> TASK TO CARRY OUT: Set down all of the entries below word for word, with the pictures left out.

> SUPPLIED INFORMATION:
<<<<
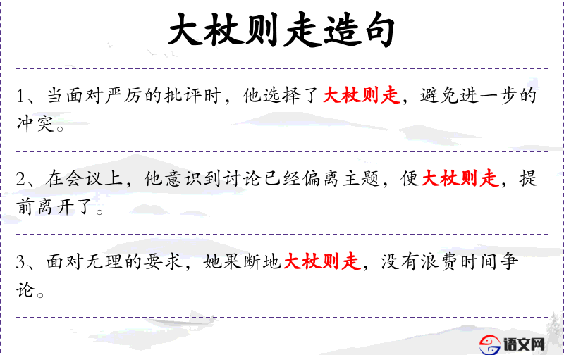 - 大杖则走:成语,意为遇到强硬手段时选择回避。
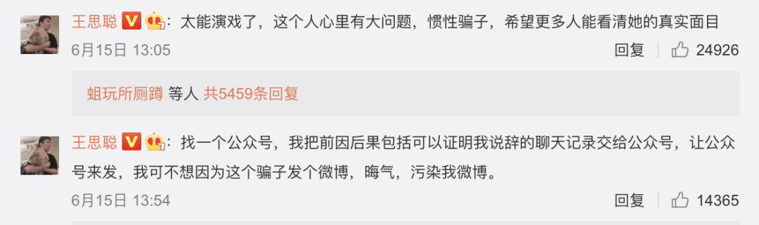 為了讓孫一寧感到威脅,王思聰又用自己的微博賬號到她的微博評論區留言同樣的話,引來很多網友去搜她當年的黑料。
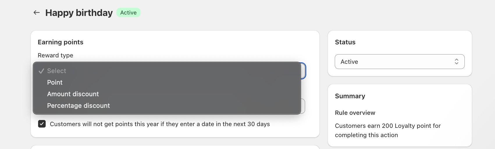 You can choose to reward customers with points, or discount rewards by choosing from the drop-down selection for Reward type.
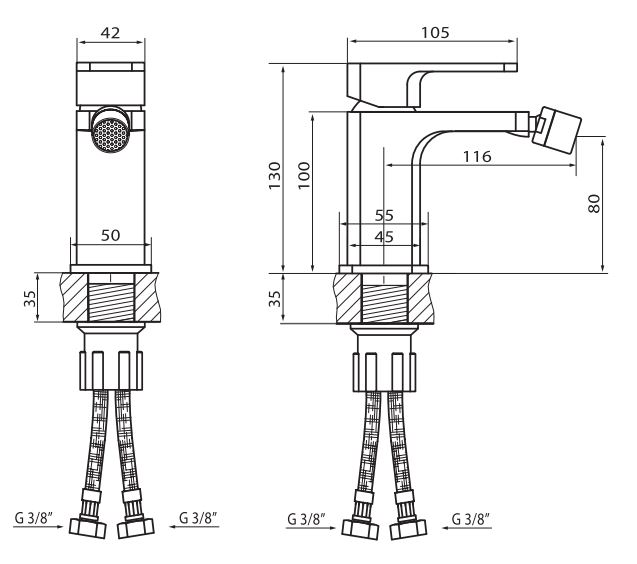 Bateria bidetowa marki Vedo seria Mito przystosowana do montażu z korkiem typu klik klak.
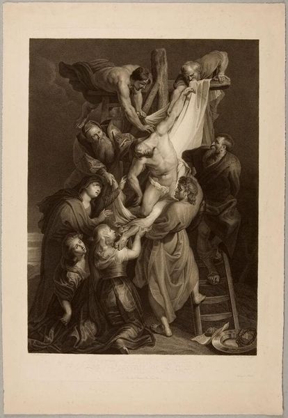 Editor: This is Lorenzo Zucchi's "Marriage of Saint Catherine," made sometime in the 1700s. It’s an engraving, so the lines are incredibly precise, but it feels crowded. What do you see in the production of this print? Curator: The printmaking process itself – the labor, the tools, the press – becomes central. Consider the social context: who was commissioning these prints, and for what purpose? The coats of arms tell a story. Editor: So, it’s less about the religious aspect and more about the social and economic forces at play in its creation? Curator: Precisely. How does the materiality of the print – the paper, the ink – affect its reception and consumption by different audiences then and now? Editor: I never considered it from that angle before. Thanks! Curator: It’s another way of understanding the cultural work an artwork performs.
>>>>
> EXERCISE RESULT:
 - 大杖则走:成语,意为遇到强硬手段时选择回避。
 為了讓孫一寧感到威脅,王思聰又用自己的微博賬號到她的微博評論區留言同樣的話,引來很多網友去搜她當年的黑料。
 You can choose to reward customers with points, or discount rewards by choosing from the drop-down selection for Reward type.
 Bateria bidetowa marki Vedo seria Mito przystosowana do montażu z korkiem typu klik klak.
 Editor: This is Lorenzo Zucchi's "Marriage of Saint Catherine," made sometime in the 1700s. It’s an engraving, so the lines are incredibly precise, but it feels crowded. What do you see in the production of this print? Curator: The printmaking process itself – the labor, the tools, the press – becomes central. Consider the social context: who was commissioning these prints, and for what purpose? The coats of arms tell a story. Editor: So, it’s less about the religious aspect and more about the social and economic forces at play in its creation? Curator: Precisely. How does the materiality of the print – the paper, the ink – affect its reception and consumption by different audiences then and now? Editor: I never considered it from that angle before. Thanks! Curator: It’s another way of understanding the cultural work an artwork performs.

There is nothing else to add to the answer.